By 47 O. S. 1941 §22.10 the registration fees imposed by the Motor Vehicle Registration law, when paid in full, are in lieu of all ad valorem taxes, general and local, to which such vehicle may be subject as personal property. 68 O.S. 1941 §821 makes substantially the same provision with respect 5to gross production tax. When the Legislature made the motor vehicle registration fees and gross production taxes to be in lieu of all ad valorem taxes, general and local, it deprived the counties, cities, towns, and school districts of the state of a substantial source of revenue to pay the expenses of their various functions. It took away the power to tax by ad valorem taxation every motor vehicle in the state, from the heaviest truck trailer or truck semi-trailer down to motorcycles, thus reducing materially the source of revenue for the maintenance of local government and school districts. The same is true as to property devoted to the production of oil, gas, and other minerals. That is what justifies apportioning part of the motor vehicle registration fees and gross production tax back to the several counties, cities, towns, and school districts. So, there is but one subject involved in that apportionment, in that the provisions of sections 1 and 2, art. 1 of the act involve only the proper disposition of funds derived under acts of the State Legislature which deprive counties, cities, towns, and school districts of the power to tax ad valorem certain classes of property otherwise taxable locally. There is no violation of section 56, art. 5 of the Constitution by the provisions of sections 1 and 2, art. 1 of the bill under consideration.

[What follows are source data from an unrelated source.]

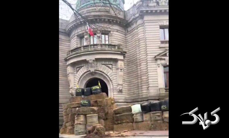ساختمانهای دولتی با کاه مسدود شد! این اقدام اعتراضی، توسط کشاورزان انجام شد.
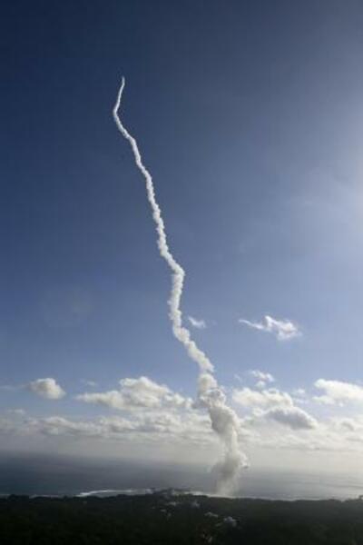 鹿児島県の種子島宇宙センターから打ち上げられたH3ロケット8号機が残した白煙=22日(共同通信社ヘリから)
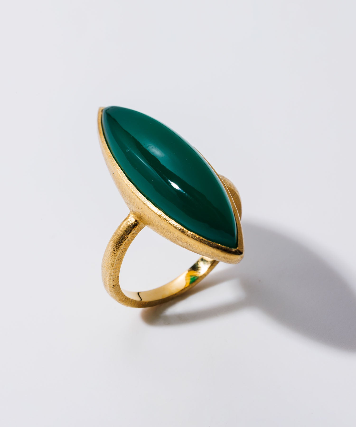 鮮やかながらもシックさを併せ持つ「グリーンオニキス」。肌に映えるエメラルドグリーンがシンプルな装いにアクセントを与えてくれます。
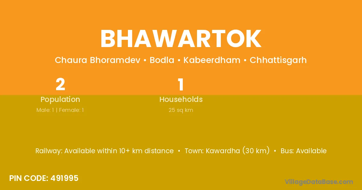 Kawardha (30 km) is the nearest town to Bhawartok village for major economic activities and is located approximately 30 km away.
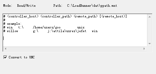 选择“Convert to UNC”复选框,指示Load Runner忽略路径转换表并将所有路径都转换为通用命名约定格式。

It is urged that the provisions of aiticle 2 of the act, relating to the annexation of school districts and authorizing the exercise of power in connection therewith upon the State Board of Education, is unconstitutional and void.

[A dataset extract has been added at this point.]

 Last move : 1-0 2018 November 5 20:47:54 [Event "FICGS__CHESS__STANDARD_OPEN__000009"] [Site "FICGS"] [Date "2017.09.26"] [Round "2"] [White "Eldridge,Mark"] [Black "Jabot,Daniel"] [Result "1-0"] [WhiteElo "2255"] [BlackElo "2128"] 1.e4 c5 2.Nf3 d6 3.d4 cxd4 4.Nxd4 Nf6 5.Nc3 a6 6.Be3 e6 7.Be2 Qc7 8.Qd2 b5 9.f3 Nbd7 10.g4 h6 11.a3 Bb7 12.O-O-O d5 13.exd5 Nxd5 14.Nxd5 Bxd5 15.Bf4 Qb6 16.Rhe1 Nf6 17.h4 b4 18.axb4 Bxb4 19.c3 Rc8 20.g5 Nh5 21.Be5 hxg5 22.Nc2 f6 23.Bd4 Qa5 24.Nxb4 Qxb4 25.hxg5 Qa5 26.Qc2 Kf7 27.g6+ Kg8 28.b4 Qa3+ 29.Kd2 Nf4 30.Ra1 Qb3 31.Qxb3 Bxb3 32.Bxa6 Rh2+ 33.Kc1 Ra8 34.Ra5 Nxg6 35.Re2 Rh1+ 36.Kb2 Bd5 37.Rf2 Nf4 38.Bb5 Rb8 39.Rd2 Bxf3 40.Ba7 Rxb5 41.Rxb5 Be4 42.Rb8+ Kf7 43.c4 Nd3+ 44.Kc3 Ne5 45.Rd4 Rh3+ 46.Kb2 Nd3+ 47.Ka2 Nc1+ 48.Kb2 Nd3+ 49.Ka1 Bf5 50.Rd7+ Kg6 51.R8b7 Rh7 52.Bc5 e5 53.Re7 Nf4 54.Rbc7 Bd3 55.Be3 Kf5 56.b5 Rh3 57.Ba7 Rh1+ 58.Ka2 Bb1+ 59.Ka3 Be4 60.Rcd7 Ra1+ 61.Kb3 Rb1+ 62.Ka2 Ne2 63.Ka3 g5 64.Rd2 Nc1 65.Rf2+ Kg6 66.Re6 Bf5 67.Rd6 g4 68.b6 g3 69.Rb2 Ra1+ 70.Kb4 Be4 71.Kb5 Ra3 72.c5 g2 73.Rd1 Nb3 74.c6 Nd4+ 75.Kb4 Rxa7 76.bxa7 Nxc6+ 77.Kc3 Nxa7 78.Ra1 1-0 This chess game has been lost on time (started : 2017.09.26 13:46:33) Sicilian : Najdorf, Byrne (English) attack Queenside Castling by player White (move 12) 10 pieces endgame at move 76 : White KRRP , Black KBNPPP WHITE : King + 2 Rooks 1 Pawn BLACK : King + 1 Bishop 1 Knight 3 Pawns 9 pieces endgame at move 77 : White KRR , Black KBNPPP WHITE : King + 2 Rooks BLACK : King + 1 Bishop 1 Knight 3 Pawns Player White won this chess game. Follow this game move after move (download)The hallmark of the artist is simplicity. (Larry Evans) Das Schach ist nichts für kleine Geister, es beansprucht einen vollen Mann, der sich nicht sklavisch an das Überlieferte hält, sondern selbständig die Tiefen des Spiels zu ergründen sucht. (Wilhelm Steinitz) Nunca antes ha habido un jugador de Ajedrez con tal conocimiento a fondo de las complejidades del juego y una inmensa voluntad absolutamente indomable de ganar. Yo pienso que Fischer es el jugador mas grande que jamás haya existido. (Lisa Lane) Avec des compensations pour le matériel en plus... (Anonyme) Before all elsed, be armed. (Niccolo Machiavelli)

It is observed that section 5 of article 13 of the Constitution of Oklahoma vests in the Board of Education the power of “supervision of instruction in the public schools” of Oklahoma. By the constitutional provision, it is provided that these powers and duties of the Board of Education shall be prescribed by law.

*87It is urged that the maxim expressio unius est exclusio alterius (11 Am. Jur. §57) applies, so that the alleged additional grant of power and authority, apart from supervision of instruction, strictly speaking, and relating to the annexation of school districts, may not, by statute, be granted nor conferred upon the Board of Education.

The constitutional provision vesting the power of supervision of instruction in the Board of Education is not a limitation, but a grant of power.

The true rule that state officers, boards, commissions, and departments have such powers only as have been delegated to them by express constitutional and statutory provisions or as may be implied from the nature of the particular duties imposed upon them, 59 C. J. §118, is relied upon. However, by the provisions of section 36, art. 5, Constitution of Oklahoma, the authority of the Legislature shall extend to all rightful subjects of legislation. And, by the same section it is provided that the specific grant of authority contained in the Constitution, upon any subject whatever, shall not work a restriction, limitation, or exclusion of such authority upon the same or any other subject.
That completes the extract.